Provided data —
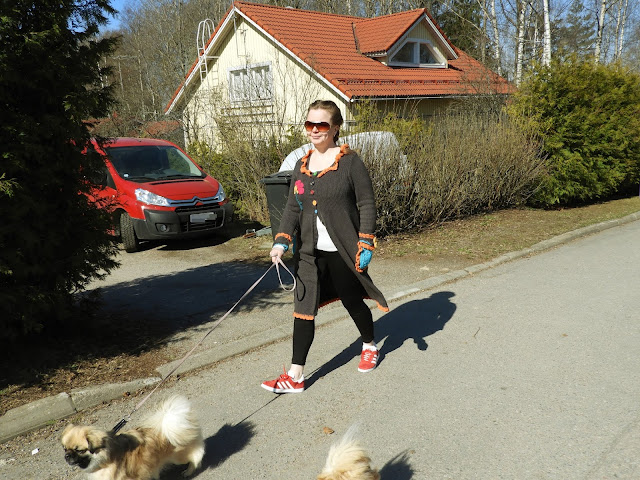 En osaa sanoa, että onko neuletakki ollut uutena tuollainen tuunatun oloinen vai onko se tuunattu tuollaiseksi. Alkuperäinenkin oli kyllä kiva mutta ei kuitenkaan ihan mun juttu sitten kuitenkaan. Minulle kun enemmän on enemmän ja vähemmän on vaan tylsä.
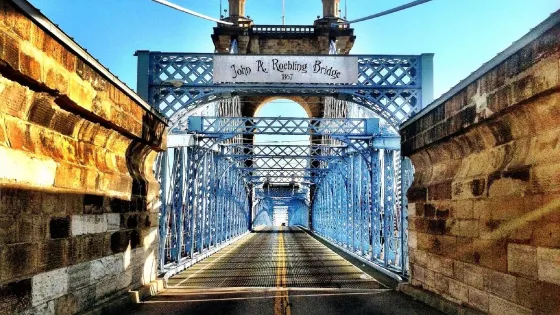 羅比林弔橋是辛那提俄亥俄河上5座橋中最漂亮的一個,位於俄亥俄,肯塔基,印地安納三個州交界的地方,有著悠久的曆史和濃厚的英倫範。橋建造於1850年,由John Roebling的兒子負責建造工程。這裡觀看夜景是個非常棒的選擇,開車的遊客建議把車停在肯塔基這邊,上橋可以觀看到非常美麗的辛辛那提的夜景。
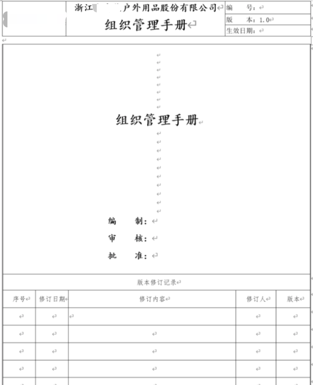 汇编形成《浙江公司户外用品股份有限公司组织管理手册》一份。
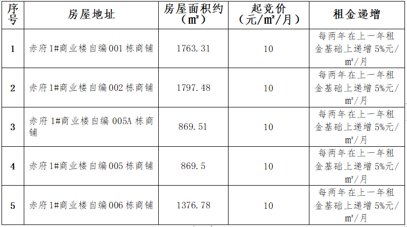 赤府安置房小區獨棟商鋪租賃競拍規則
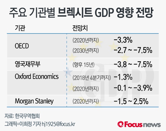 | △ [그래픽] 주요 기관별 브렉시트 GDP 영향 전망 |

Exercise brief —
Please retype the records above exactly, but leave out any pictures.

Answer to the problem —
 En osaa sanoa, että onko neuletakki ollut uutena tuollainen tuunatun oloinen vai onko se tuunattu tuollaiseksi. Alkuperäinenkin oli kyllä kiva mutta ei kuitenkaan ihan mun juttu sitten kuitenkaan. Minulle kun enemmän on enemmän ja vähemmän on vaan tylsä.
 羅比林弔橋是辛那提俄亥俄河上5座橋中最漂亮的一個,位於俄亥俄,肯塔基,印地安納三個州交界的地方,有著悠久的曆史和濃厚的英倫範。橋建造於1850年,由John Roebling的兒子負責建造工程。這裡觀看夜景是個非常棒的選擇,開車的遊客建議把車停在肯塔基這邊,上橋可以觀看到非常美麗的辛辛那提的夜景。
 汇编形成《浙江公司户外用品股份有限公司组织管理手册》一份。
 赤府安置房小區獨棟商鋪租賃競拍規則
 | △ [그래픽] 주요 기관별 브렉시트 GDP 영향 전망 |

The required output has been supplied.